August 22, 1993|JOHN McKINNEY

In 1899, "green space" in these parts had an entirely different meaning than it does today. Here in a remote canyon, local sportsmen introduced golf to Orange County.

Santa Ana and Orange duffers leased land from the Irvine Co. and laid out a nine-hole course. The "greens" were oil-soaked earthen patches, and the fairways were little more than brush-cleared canyon bottom. It must have been hard to make par in Golf Canyon, as it became known.

Today, Golf Canyon is the site of Peters Canyon Regional Park, Orange County's newest park. It's a pleasant green space on the edge of more suburb-in-the-making, on the eastern frontier of the communities of Orange and Tustin.

The park was created when the mega-landholder Irvine Co. donated 354 acres of Peters Canyon to the county.

The park highlight is a reservoir, a gathering place for many migratory and resident waterfowl. Bring binoculars and watch for herons and egrets along the willow-lined shores. Also watch the skies for the red-tailed and Cooper's hawks that frequently circle the eucalyptus groves in lower Peters Canyon.

Many a bellowing bullfrog can be heard calling from the lake shore. Apparently, the croakers have long found the canyon to their liking; in Spanish days, it was known as Canon de las Ranas, or Canyon of the Frogs.

The canyon's current name honors 1890s' barley and beans farmer James Peters, who built a home in the canyon.

A network of old Irvine Ranch roads and footpaths explore the canyon and its eastern wall. Most popular is Lake View Trail, the path around the reservoir. At the moment, the trail extends only halfway around the reservoir, but the county parks department is putting the finishing touches on a path around the eastern shore. Hikers should be able to loop the lake by the end of September, say park officials.
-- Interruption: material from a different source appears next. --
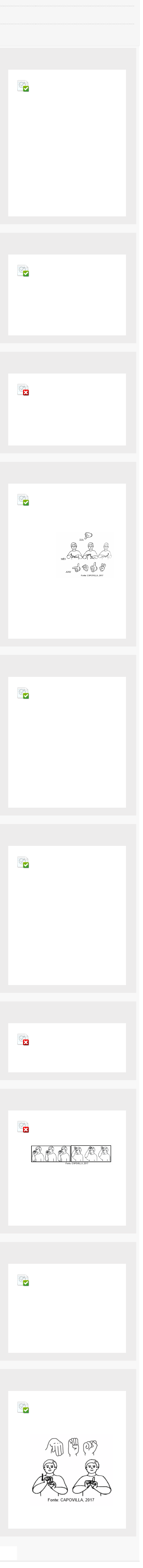 <p>Sábado, 21 de Setembro de 2024 11h00min39s GMT-03:00</p><p>Usuário PEDRO HENRIQUE DE J PIMENTEL</p><p>Curso LINGUA BRASILEIRA DE SINAIS (OPTATIVA)</p><p>Teste QUESTIONÁRIO UNIDADE I</p><p>Iniciado 21/09/24 10:20</p><p>Enviado 21/09/24 10:46</p><p>Status Completada</p><p>Resultado da</p><p>tentativa</p><p>7 em 10 pontos</p><p>Tempo</p><p>decorrido</p><p>26 minutos</p><p>Resultados</p><p>exibidos</p><p>Respostas enviadas, Perguntas respondidas</p><p>incorretamente</p><p>Pergunta 1</p><p>Resposta</p><p>Selecionada:</p><p>c.</p><p>A soletração em língua de sinais</p><p>(chamada de “datilologia”) serve para:</p><p>I- Fazer referência a nomes próprios de</p><p>pessoas ou lugares.</p><p>II- Fazer referência a elementos que não</p><p>possuem um sinal ainda.</p><p>III- Fazer referência a elementos</p><p>linguísticos que a Libras não compreende,</p><p>como preposições, artigos etc.</p><p>Assinale a alternativa correta:</p><p>I e II estão corretas.</p><p>Pergunta 2</p><p>Resposta</p><p>Selecionada:</p><p>e.</p><p>As frases na Libras possuem uma</p><p>estrutura diferente da ordem de frase no</p><p>Português. Assinale a alternativa correta</p><p>em relação à ordem de frase na Libras.</p><p>Objeto – sujeito –</p><p>verbo.</p><p>Pergunta 3</p><p>Resposta</p><p>Selecionada:</p><p>b.</p><p>As letras P, K e H se diferenciam por qual</p><p>parâmetro?</p><p>Con"guração das mãos e</p><p>orientação da palma da</p><p>mão.</p><p>Pergunta 4</p><p>Resposta</p><p>Selecionada:</p><p>d.</p><p>Assinale a alternativa que indica a data</p><p>correta:</p><p>7/junho/2015.</p><p>Pergunta 5</p><p>Resposta</p><p>Selecionada:</p><p>c.</p><p>Assinale verdadeiro (V) ou falso (F):</p><p>I- O surdo tem uma identidade e uma</p><p>cultura próprias.</p><p>II- Todos os surdos fazem leitura labial e</p><p>utilizam a Língua de Sinais.</p><p>III- O surdo precisa ser oralizado para se</p><p>integrar na sociedade ouvinte.</p><p>IV- O uso da Língua de Sinais atrapalha a</p><p>aprendizagem da língua oral.</p><p>Qual alternativa indica somente as frases</p><p>corretas?</p><p>Somente a I.</p><p>Pergunta 6</p><p>Resposta</p><p>Selecionada:</p><p>d.</p><p>Com relação à Língua Brasileira de Sinais,</p><p>assinale verdadeiro (V) ou falso (F):</p><p>I- É uma língua universal, usada por todas</p><p>as pessoas surdas.</p><p>II- Tem vários gestos iguais, que são</p><p>utilizados dependendo do contexto.</p><p>III- É uma forma reduzida da Língua</p><p>Portuguesa.</p><p>IV- A lei que a o"cializou no Brasil foi a Lei</p><p>10.436/2002.</p><p>Qual alternativa indica somente as frases</p><p>corretas?</p><p>Somente a IV.</p><p>Pergunta 7</p><p>Resposta Selecionada: e.</p><p>Das letras a seguir, quais possuem a</p><p>mesma con"guração das mãos?</p><p>M e N.</p><p>Pergunta 8</p><p>Resposta</p><p>Selecionada:</p><p>c.</p><p>Observe os sinais e assinale a alternativa</p><p>que contempla o parâmetro que os</p><p>diferem.</p><p>Movimento.</p><p>Pergunta 9</p><p>Resposta</p><p>Selecionada:</p><p>c.</p><p>Quem é o pro"ssional que garante a</p><p>acessibilidade comunicativa para os</p><p>alunos surdos usuários de Língua de</p><p>Sinais que estão incluídos no Ensino</p><p>Regular?</p><p>O tradutor e intérprete</p><p>de Libras.</p><p>Pergunta 10</p><p>Resposta Selecionada: c.</p><p>Relacione as palavras soletradas com o</p><p>sinal correspondente em Libras.</p><p>MÊS.</p><p>← OK</p><p>Revisar envio do teste: QUESTIONÁRIO UNIDADE I›</p><p>UNIP</p><p>1 em 1 pontos</p><p>1 em 1 pontos</p><p>0 em 1 pontos</p><p>1 em 1 pontos</p><p>1 em 1 pontos</p><p>1 em 1 pontos</p><p>0 em 1 pontos</p><p>0 em 1 pontos</p><p>1 em 1 pontos</p><p>1 em 1 pontos</p><p>Terminar Sessão</p><p>https://ava.ead.unip.br/webapps/assessment/review/review.jsp?attempt_id=_107478911_1&course_id=_357444_1&content_id=_4072156_1&return_content=1&step=#</p>

Guided, ranger-led nature walks of the lake and canyon begin at 10 a.m. every Saturday and Sunday. Meet at the big bulletin board by the parking lot.

Directions to trail head: From California 55 in Orange, exit on Chapman Avenue and head east about 4 1/2 miles to Jamboree Road. Turn right and proceed half a mile to Canyon View Avenue, then turn right again. The park is a short distance up the road on your left. There is plenty of free parking.

The hike: Join Lake View Trail as it meanders along the northern edge of Upper Peters Canyon Reservoir. The reservoir was built in 1931 by the Irvine Ranch for its agricultural operations. A lower reservoir was built in 1940, but as you'll see when you visit the lower canyon, it's dry these days and serves as an emergency flood-control basin.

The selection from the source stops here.